State v. Mack

53 N.C. App. 127 | N.C. Ct. App. | 1981

HILL, Judge.

Defendant brings forth four assignments of error on appeal. We have considered each and find the fourth assignment to be dispositive.

After having begun their deliberations, the jury returned to the courtroom and informed the court that it had not reached a verdict. Thereupon, the court said:

[N]ow ladies and gentlemen, the Court, as I have previously instructed you, is certainly not putting any pressure on you *128to change your minds, or to reach a verdict in this case. I would remind you, however, that if you do not decide this case, that twelve more jurors will have to decide it at some future date at additional expense to the taxpayers of this county and the State.

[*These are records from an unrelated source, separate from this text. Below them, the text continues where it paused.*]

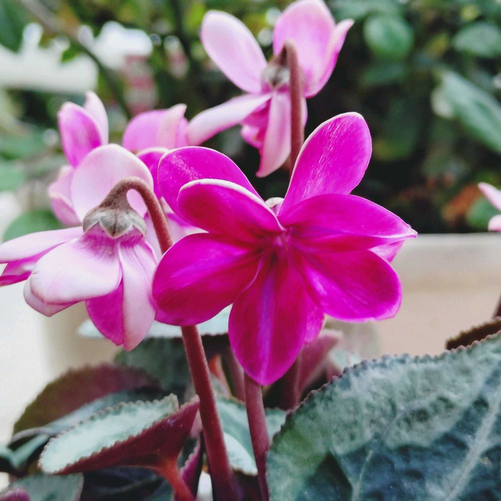 少しづつまた蕾をだし咲き出してます 🧚が舞ってるかのような感じの可愛いシクラメンです 俯き加減に咲き徐々に花びらが反り返ってるよう💓 花粉も出ないお花と!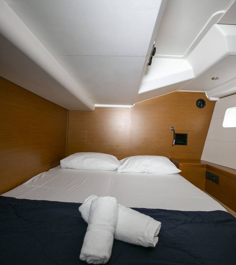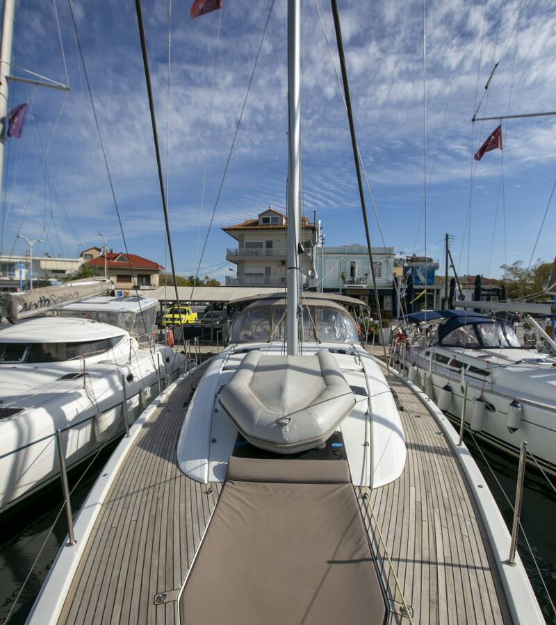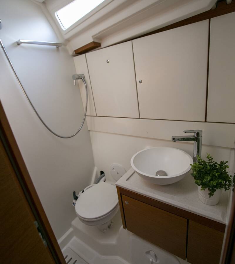 The Jeanneau 54 „Amazing Elli“ offers special comfort with the following equipment features: Bow thruster, Generator, Air Conditioning, Freezer, Inverter, Electric toilet, Solar panels.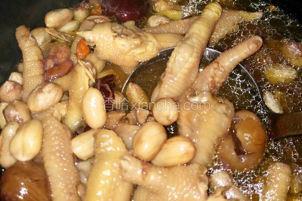10998浏览 / 22收藏 健康功效 花生:化痰 花生油:抗氧化、抗癌防癌、促进生育 食材用料 龙眼干 适量 姜片 4片 盐 适量 花生煲鸡爪的做法1.菜市场买好鸡爪清洗备用2.放料酒姜块焯水十分钟左右3.捞出晾干水份4.把材料准备好一起下锅煲5.放适量水,没过面就好6.锅里煲一个水时左右7.放盐乘出,就可以吃到美味了 本菜谱由上传...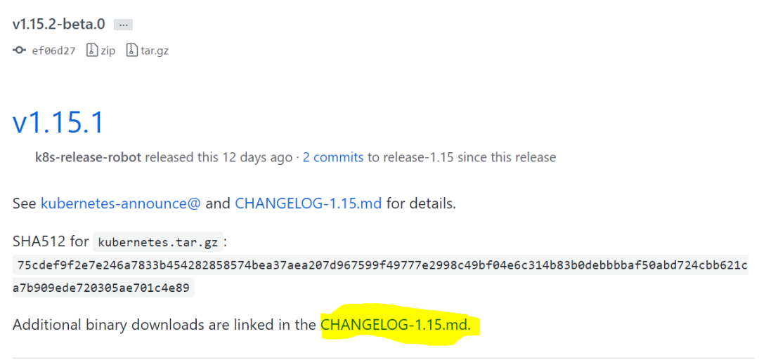 从官网https://github.com/kubernetes/kubernetes/releases 找到对应的版本号,单击changelog,找到已经编译好的二进制文件的下载页面;如下图所示: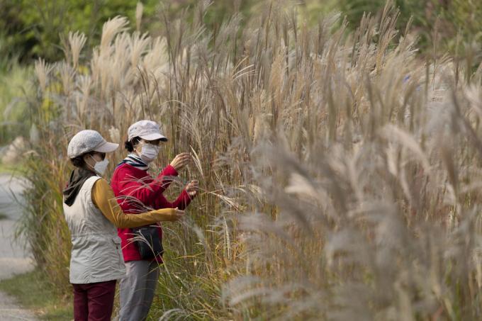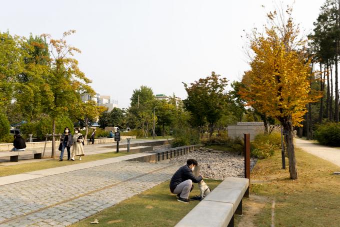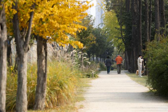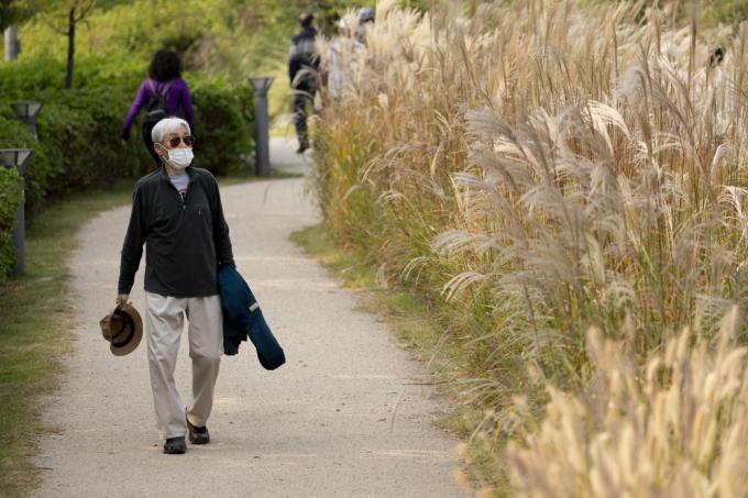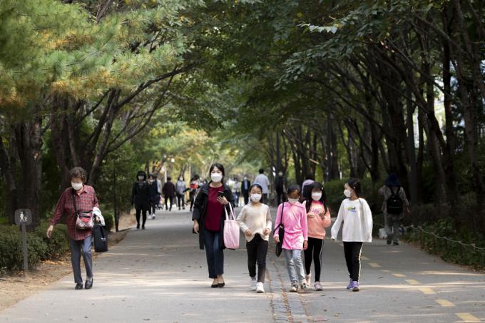 사회적 거리두기 1단계 전환 첫날인 12일 오후 서울 마포구 경의선숲길에서 마스크를 착용한 시민들이 가을을 만끽하고 있다.

Defendant contends these additional instructions were coercive under G.S. 15A-1235. This Court has addressed limitations imposed by this statute on the trial judge in his charge to deadlocked juries in State v. Lamb, 44 N.C. App. 251, 261 S.E. 2d 130 (1979), cert. denied, 299 N.C. 739 (1980). In that case, it was pointed out that G.S. 15A-1235 now excludes any mention to the jury of the potential expense and inconvenience of retrying the case should the jury fail to agree. See State v. Easterling, 300 N.C. 594, 268 S.E. 2d 800 (1980); State v. Hunter, 48 N.C. App. 689, 269 S.E. 2d 736 (1980).

Without question, the charge by the court is impermissible under the statute and Lamb, supra. Nevertheless, in construing Lamb, Justice Exum, speaking for the Court, said:

Not every violation of the procedures embodied in Chapter 15A amounts to prejudicial error.
[W]e see no reason to dispense with the usual requirement that an error in the judge’s instructions to the jury must be to the prejudice of the defendant in order to warrant corrective relief by the appellate division. G.S. 15A-1442(4)(d).

Easterling, at p. 608.

There can be no fixed rule in determining when the mention of potential additional expense and inconvenience is prejudicial. “Such prejudice will normally be deemed present, in cases relating to rights arising other than under the Federal Constitution only ‘when there is a reasonable possibility that, had the error in question not been committed, a different result would have been reached at the trial . . ..” G.S. 15A-1443(a). Furthermore, the burden of showing that such a possibility exists rests upon the defendant.” Id.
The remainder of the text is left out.